What to produce:
Every record below is to be restated verbatim, though its images are not.

-- -- --

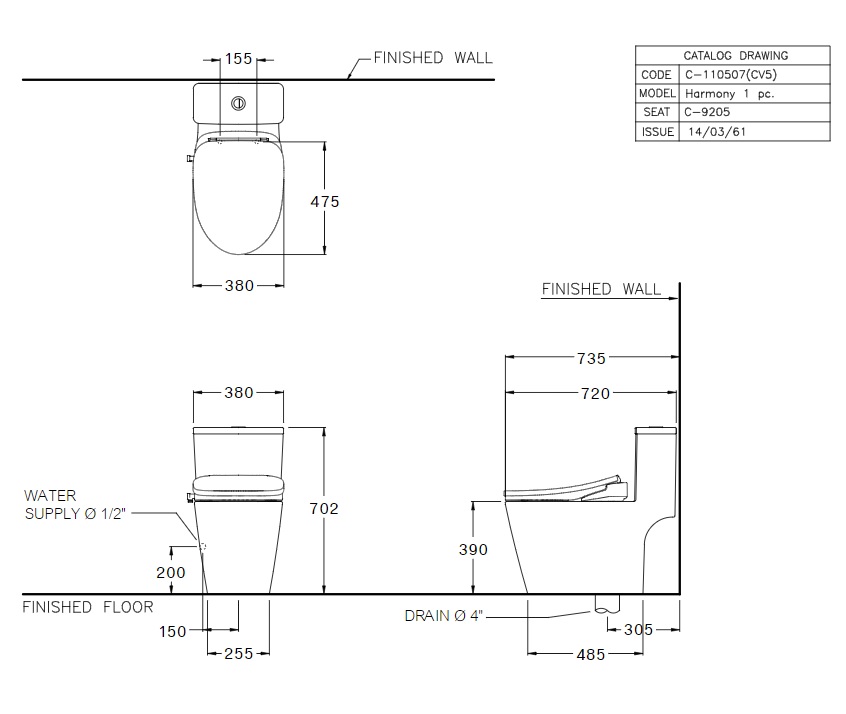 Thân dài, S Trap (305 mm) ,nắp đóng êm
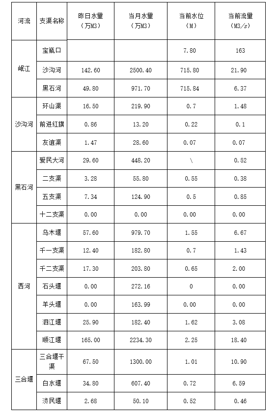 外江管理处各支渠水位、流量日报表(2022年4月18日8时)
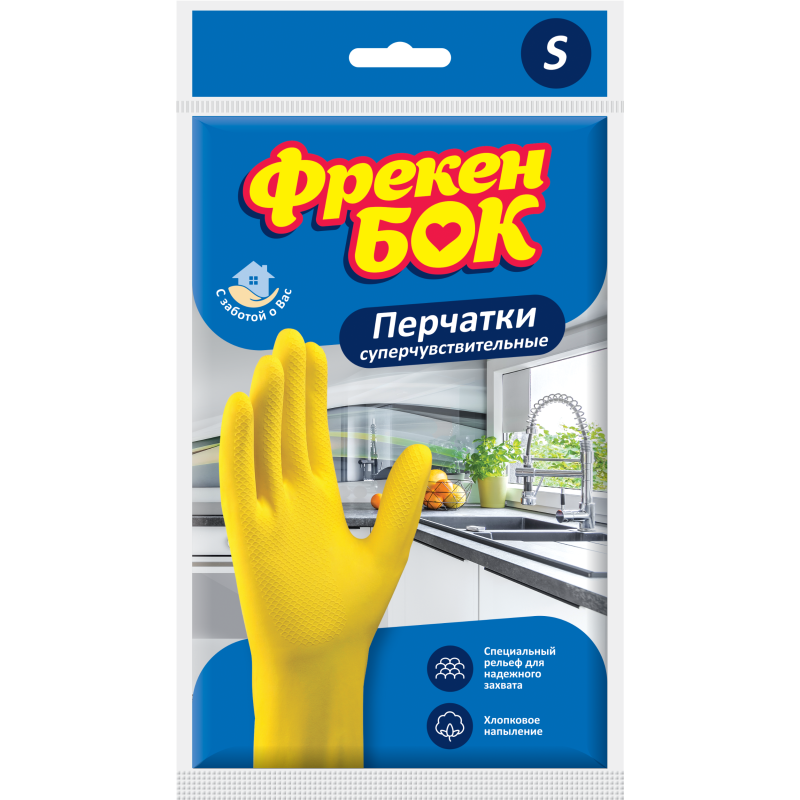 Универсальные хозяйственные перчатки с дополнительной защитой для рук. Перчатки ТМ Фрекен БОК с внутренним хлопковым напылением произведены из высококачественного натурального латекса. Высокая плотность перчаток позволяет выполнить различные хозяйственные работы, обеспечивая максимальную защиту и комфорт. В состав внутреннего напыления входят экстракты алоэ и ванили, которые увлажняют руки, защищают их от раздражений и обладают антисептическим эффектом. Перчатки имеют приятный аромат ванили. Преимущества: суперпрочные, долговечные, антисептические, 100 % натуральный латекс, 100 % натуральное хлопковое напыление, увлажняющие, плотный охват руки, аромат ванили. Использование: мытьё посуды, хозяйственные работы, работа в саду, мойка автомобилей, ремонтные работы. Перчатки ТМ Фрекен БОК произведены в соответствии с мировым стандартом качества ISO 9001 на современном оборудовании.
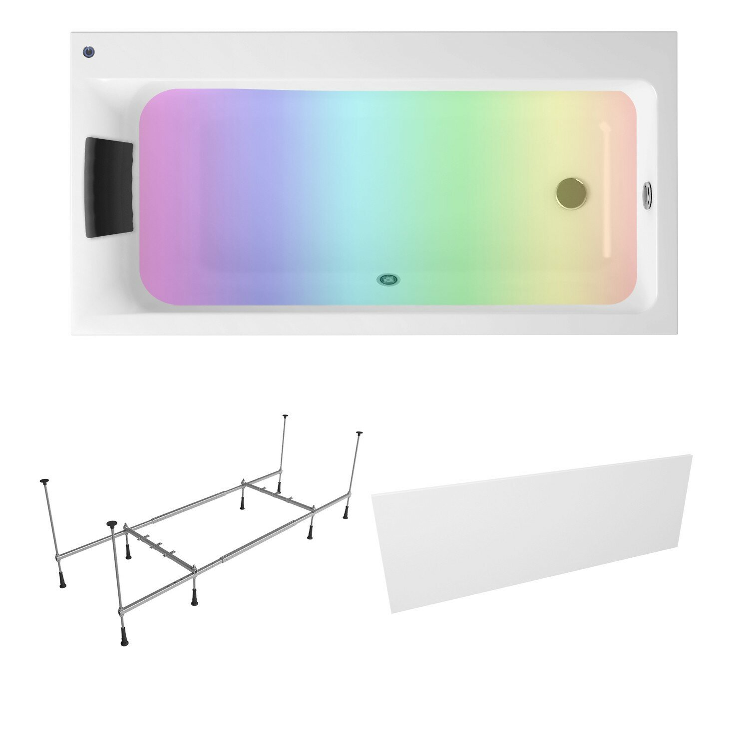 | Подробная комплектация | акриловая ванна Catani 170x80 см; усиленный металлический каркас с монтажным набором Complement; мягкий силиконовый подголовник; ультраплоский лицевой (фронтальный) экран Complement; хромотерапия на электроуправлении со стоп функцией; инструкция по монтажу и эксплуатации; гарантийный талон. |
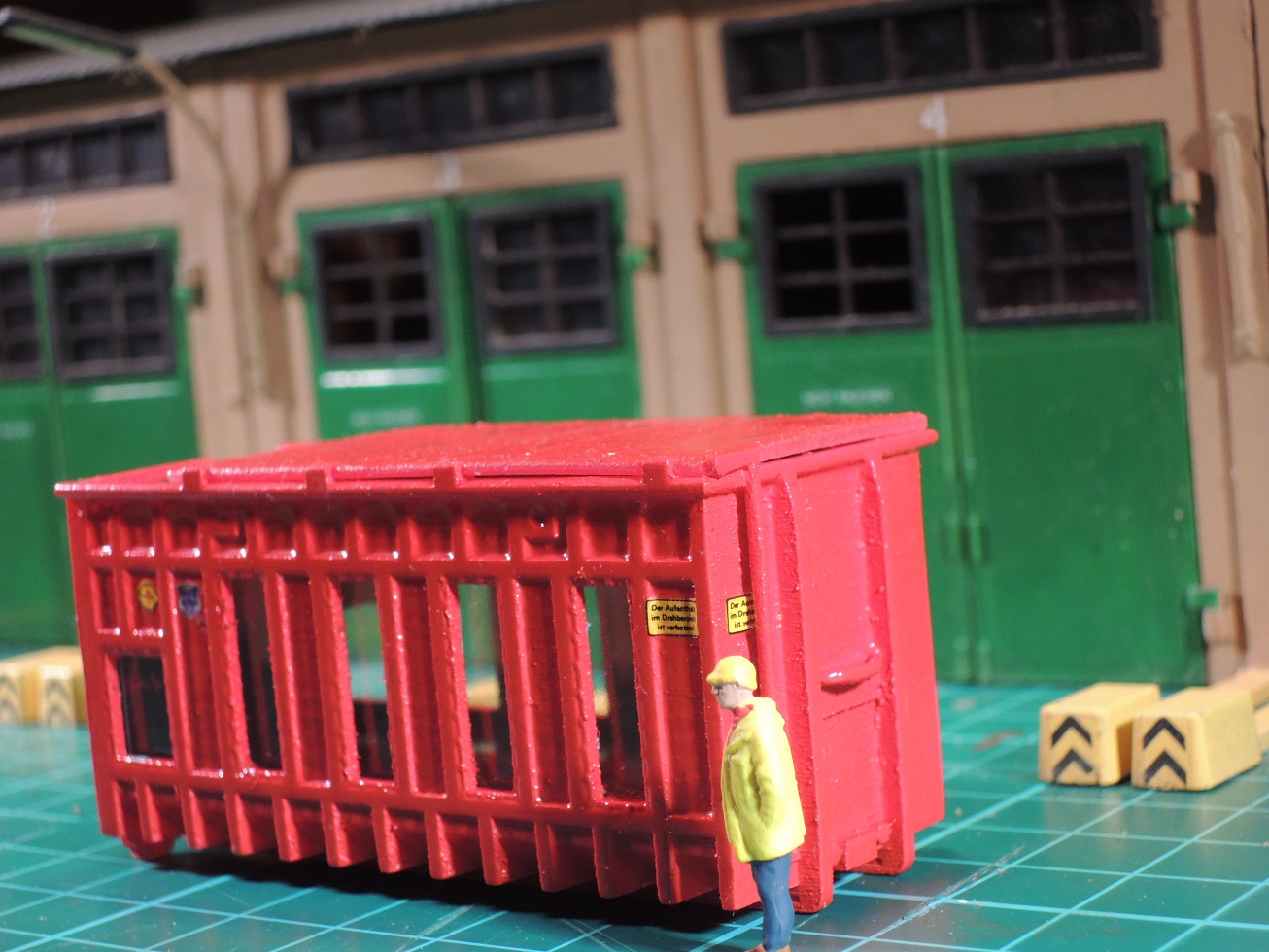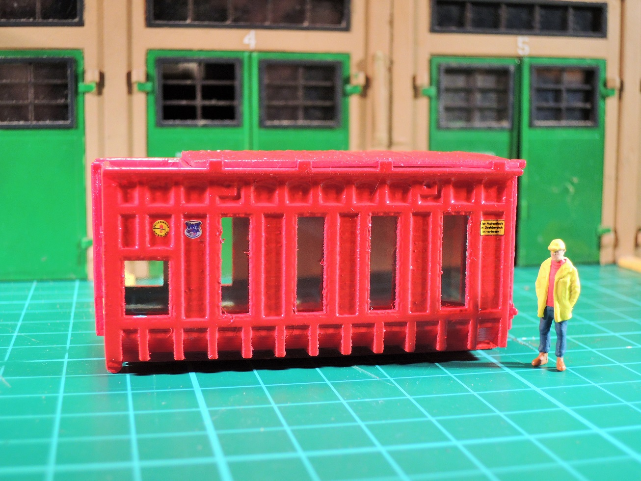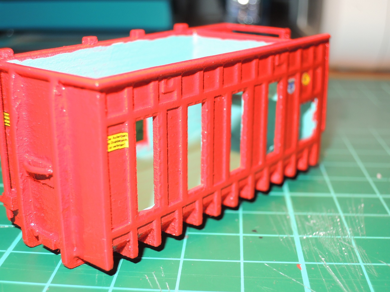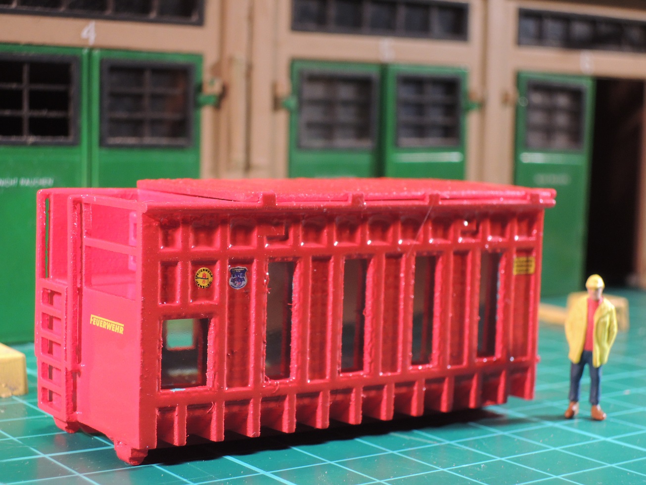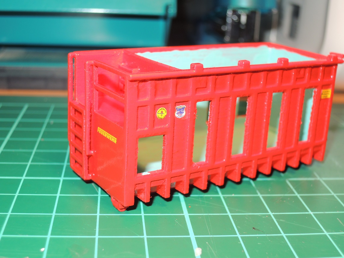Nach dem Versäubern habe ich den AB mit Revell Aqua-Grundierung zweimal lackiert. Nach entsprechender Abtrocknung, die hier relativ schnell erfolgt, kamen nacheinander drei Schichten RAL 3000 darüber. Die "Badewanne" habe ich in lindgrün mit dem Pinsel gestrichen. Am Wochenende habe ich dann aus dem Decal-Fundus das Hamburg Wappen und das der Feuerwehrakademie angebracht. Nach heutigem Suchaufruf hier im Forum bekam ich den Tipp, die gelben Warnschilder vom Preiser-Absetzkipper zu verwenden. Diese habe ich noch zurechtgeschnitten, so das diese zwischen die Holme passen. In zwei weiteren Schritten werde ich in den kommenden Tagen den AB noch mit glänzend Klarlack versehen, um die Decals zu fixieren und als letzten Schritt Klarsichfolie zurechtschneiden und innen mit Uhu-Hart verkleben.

-- -- --

Answer to the problem:
 Thân dài, S Trap (305 mm) ,nắp đóng êm
 外江管理处各支渠水位、流量日报表(2022年4月18日8时)
 Универсальные хозяйственные перчатки с дополнительной защитой для рук. Перчатки ТМ Фрекен БОК с внутренним хлопковым напылением произведены из высококачественного натурального латекса. Высокая плотность перчаток позволяет выполнить различные хозяйственные работы, обеспечивая максимальную защиту и комфорт. В состав внутреннего напыления входят экстракты алоэ и ванили, которые увлажняют руки, защищают их от раздражений и обладают антисептическим эффектом. Перчатки имеют приятный аромат ванили. Преимущества: суперпрочные, долговечные, антисептические, 100 % натуральный латекс, 100 % натуральное хлопковое напыление, увлажняющие, плотный охват руки, аромат ванили. Использование: мытьё посуды, хозяйственные работы, работа в саду, мойка автомобилей, ремонтные работы. Перчатки ТМ Фрекен БОК произведены в соответствии с мировым стандартом качества ISO 9001 на современном оборудовании.
 | Подробная комплектация | акриловая ванна Catani 170x80 см; усиленный металлический каркас с монтажным набором Complement; мягкий силиконовый подголовник; ультраплоский лицевой (фронтальный) экран Complement; хромотерапия на электроуправлении со стоп функцией; инструкция по монтажу и эксплуатации; гарантийный талон. |
Nach dem Versäubern habe ich den AB mit Revell Aqua-Grundierung zweimal lackiert. Nach entsprechender Abtrocknung, die hier relativ schnell erfolgt, kamen nacheinander drei Schichten RAL 3000 darüber. Die "Badewanne" habe ich in lindgrün mit dem Pinsel gestrichen. Am Wochenende habe ich dann aus dem Decal-Fundus das Hamburg Wappen und das der Feuerwehrakademie angebracht. Nach heutigem Suchaufruf hier im Forum bekam ich den Tipp, die gelben Warnschilder vom Preiser-Absetzkipper zu verwenden. Diese habe ich noch zurechtgeschnitten, so das diese zwischen die Holme passen. In zwei weiteren Schritten werde ich in den kommenden Tagen den AB noch mit glänzend Klarlack versehen, um die Decals zu fixieren und als letzten Schritt Klarsichfolie zurechtschneiden und innen mit Uhu-Hart verkleben.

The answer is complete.